▶ Your instructions
The lines to transcribe begin with the one containing "北京时间10月31日,EDG" and end with the last line below; reproduce them exactly, without the pictures.

[Items listed in a dataset]
**********

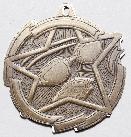 Dimensional detail of swim goggles and stopwatch within raise star outline
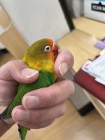 Fischer’s Lovebird FOUND in Woodcrest, Riverside, California aprox 12pm. Walgreens parking lot at Van Buren & Troutwein. Very sweet, hungry & tired. Does not have band
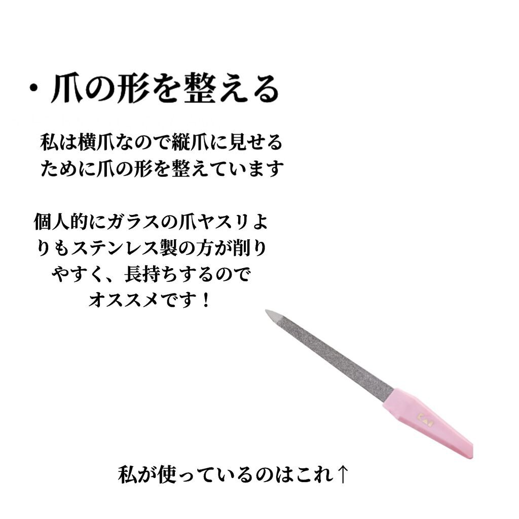 乾燥してボロボロだし、爪の形が丸いですよね😭 保湿をすること これが一番大事です! とにかく気がついたらネイルオイルを塗る! 甘皮処理をすること 私みたいな横爪に悩んでいる人はこれをしてください! だいぶ改善されました! 爪の形を整える 私は爪の形が丸かったり斜めに生えていたり、 形が嫌だったので爪ヤスリで整えています!
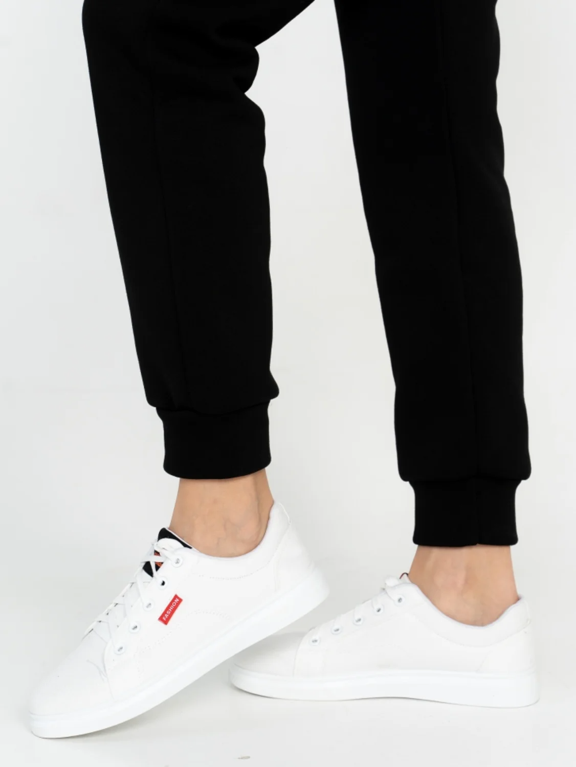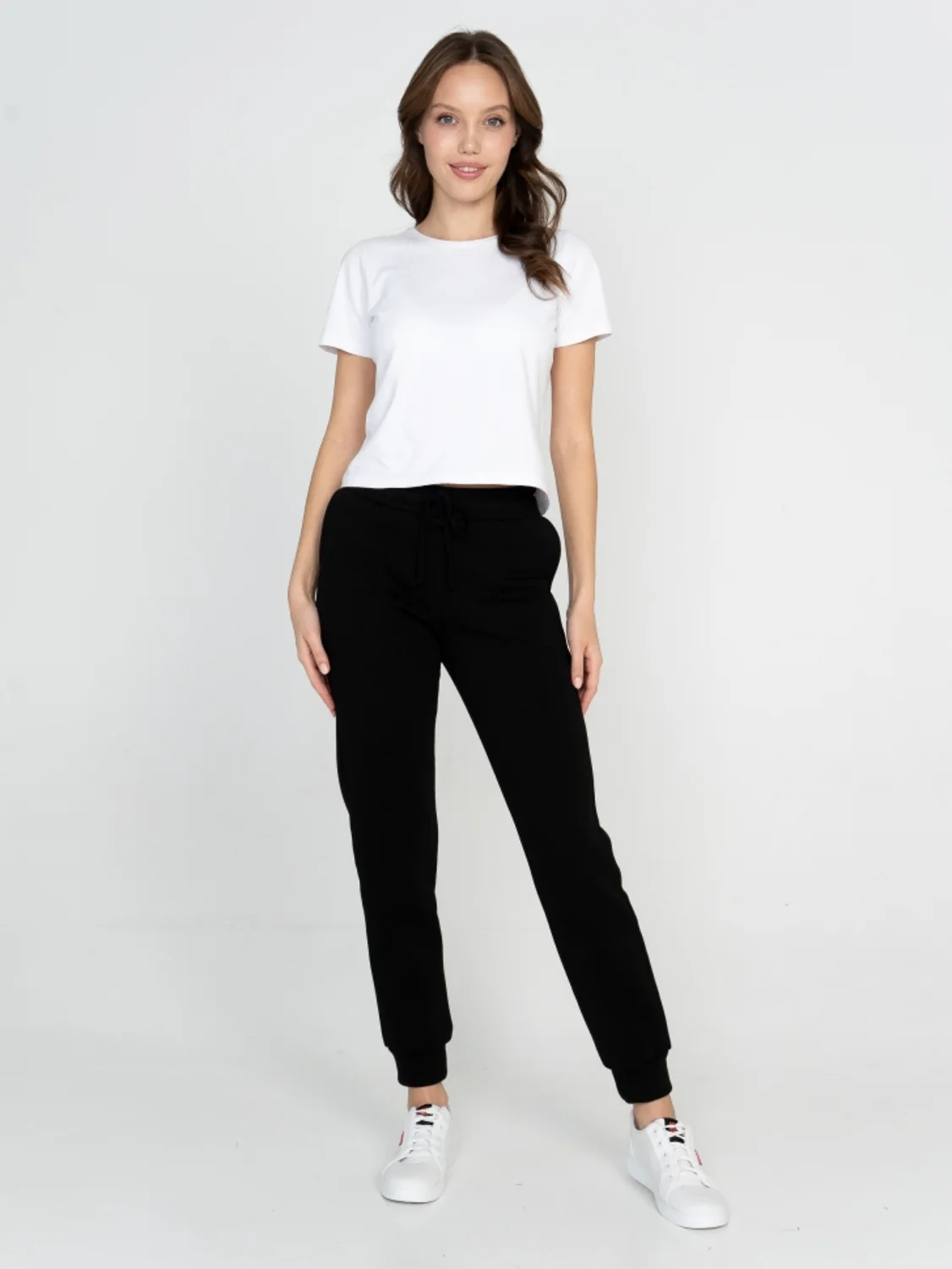 Женские спортивные брюки на манжетах. Узкие прямые штанины. Притачной пояс с регулировочным декоративным шнуром. Внутренние карманы в боковых швах усилены строчкой.
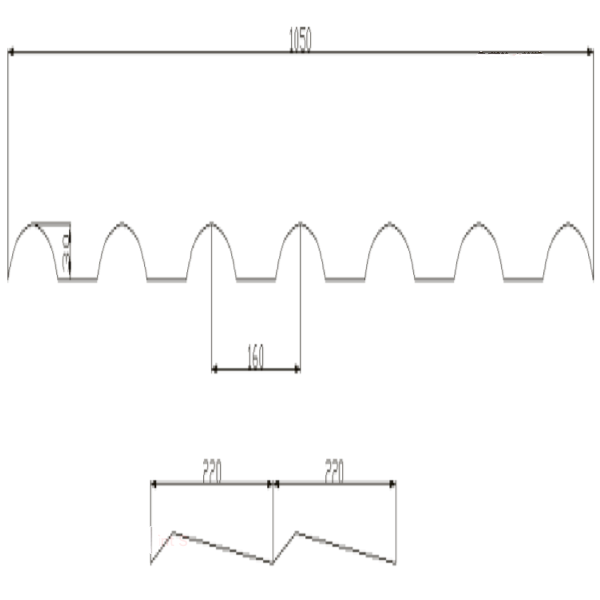 Wave spacing:160mm; pitch:220mm
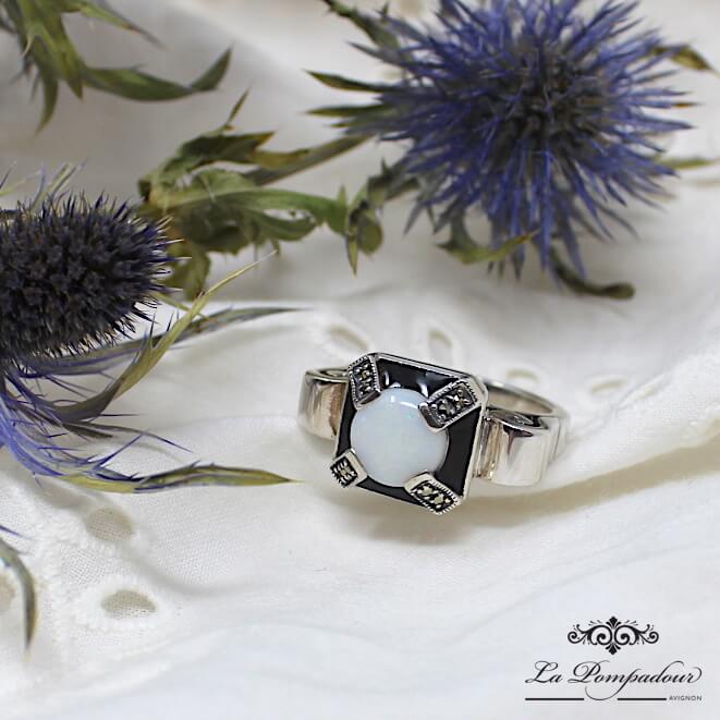 Bague typée Art Déco en argent 925, composée d'une belle opale et d'émail noir, ainsi que de petites marcassites sur les quatre griffes. Deux volutes encadrent l'élément central.
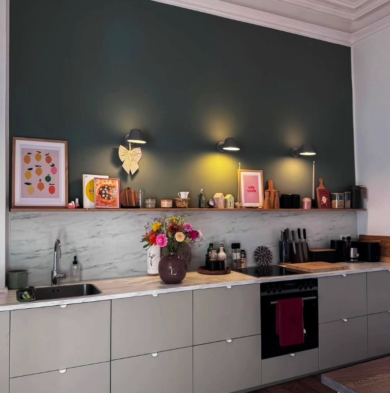 It’s a cosy, lived-in kitchen wall setup that feels welcoming and easy to style.
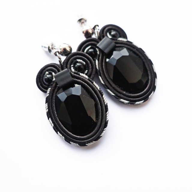 Kolczyki wykonane metodą haftu sutasz (soutache). Materiał: sznurki soutache, szklane , fasetowane kryształki, koraliki toho, bigle kulki - sztyfty Długość: ok 3,5 cm Kolczyki są wykończone na odwrocie czarnym filcem i zaimpregnowane Jeśli masz pytania- pisz :)
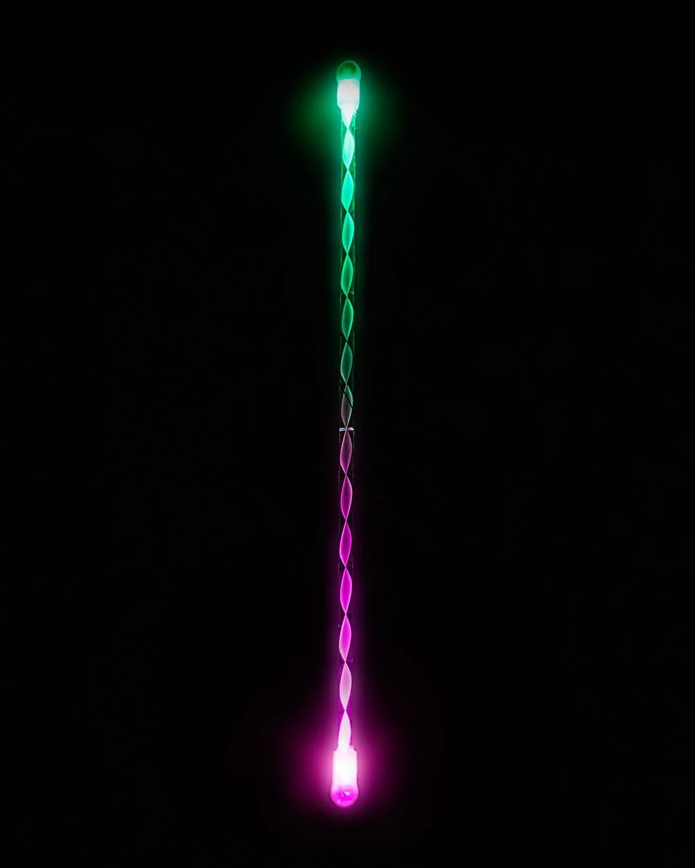 Simply loop the subtle black string around your finger and use it to spin the wand. This creates the illusion of a floating wand of light! Using eLite Flow V2 microlight technology, the eLite Flow Levitation Wand can automatically switch between 16 unique flashing patterns and display up to 3 colors at once.
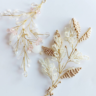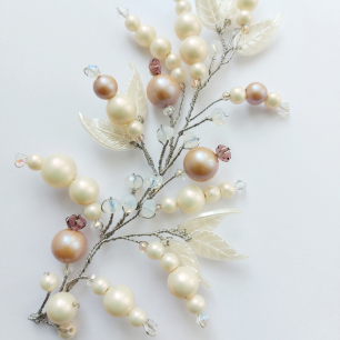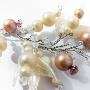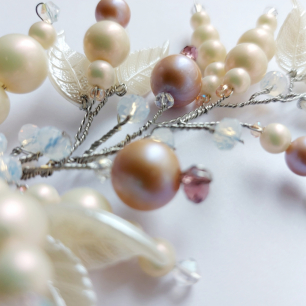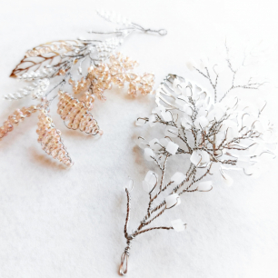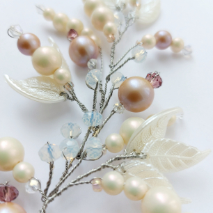 Но если невеста выбирает пышный подвенечный наряд, стоит ограничиться тонкими и деликатными украшениями. Так, к примеру, диадема подчеркнёт величественность и роскошность невесты. Также можно подобрать украшения для волос, например, гребешки или заколки с переливающимися кристаллами или полудрагоценными камнями. Правильно подобранные, они подчеркнут все достоинства свадебной причёски и не перегрузят образ.
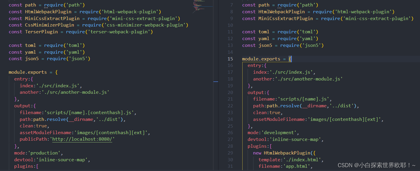 拆分出的配置文件存在大量重复配置代码时,可以单独创建一个公共配置文件,手动的将这些重复的代码单独提取到一个文件里。创建 webpack.config.common.js,配置公共的内容。
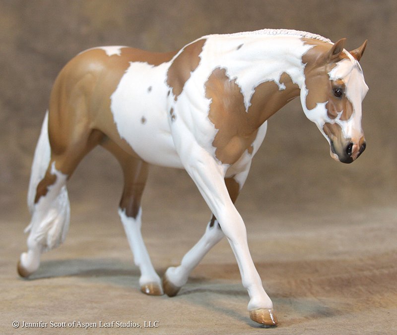 I am donating my most recent resin release "Darling" which is a traditional scale young HUS stock horse mare. This is not your rancher's stock horse, but the more modern show type with all that TB breeding mixed in there. She is number two in my "Performance Horse Series" line of resins and will be limited to 65 unpainted pieces total. I will retain 15 to paint myself. She is hollow-cast with wire-reinforcements. She will be painted up a dunalino with tovero pinto markings. I use oils with accents and enhancements in acrylic, pigment, and color pencil to achieve a buttery smooth rich finish that is amazingly lifelike as well as durable.
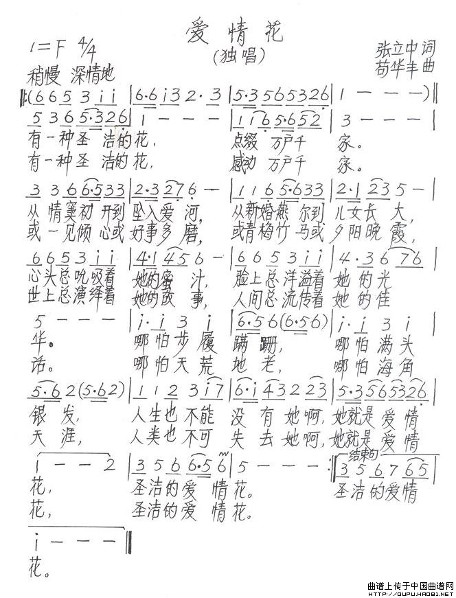 当前位置: 首页 谱友园地 手稿谱区 爱情花(张立中词 苟华丰曲)
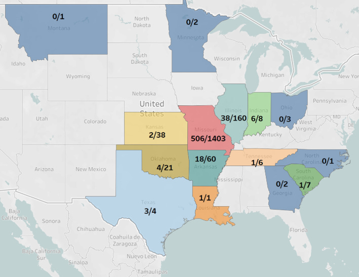 The results only reflect the time period sampled (January 2023-May 2024) and the areas from which the cattle were drawn (almost exclusively Missouri (1400+ samples), Illinois, Arkansas, Kansas, and Oklahoma-see map below). Lack of H5N1 titers is actually not surprising, given the May 2024 sample cut-off for a disease that first appeared in Texas in late March or early April 2024.
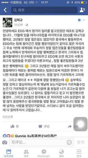 北京时间10月31日,EDG战队ADC选手Deft在社交媒体上表示:德杯将是他最后在EDG的比赛,之后将会离开。
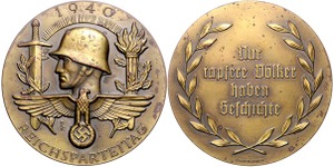 Vergoldete Bronzemedaille 1940 (v. Klein/Deschler) Reichsparteitag / Nur tapfere Völker haben Geschichte. Patinaflecken, ...
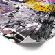 Una maravillosa mezcla de trazos de pintura, salpicaduras y marcas en una colorida paleta de color morado, rosa, azul, verde, amarillo, negro y blanco.

**********

▶ Task solution
 北京时间10月31日,EDG战队ADC选手Deft在社交媒体上表示:德杯将是他最后在EDG的比赛,之后将会离开。
 Vergoldete Bronzemedaille 1940 (v. Klein/Deschler) Reichsparteitag / Nur tapfere Völker haben Geschichte. Patinaflecken, ...
 Una maravillosa mezcla de trazos de pintura, salpicaduras y marcas en una colorida paleta de color morado, rosa, azul, verde, amarillo, negro y blanco.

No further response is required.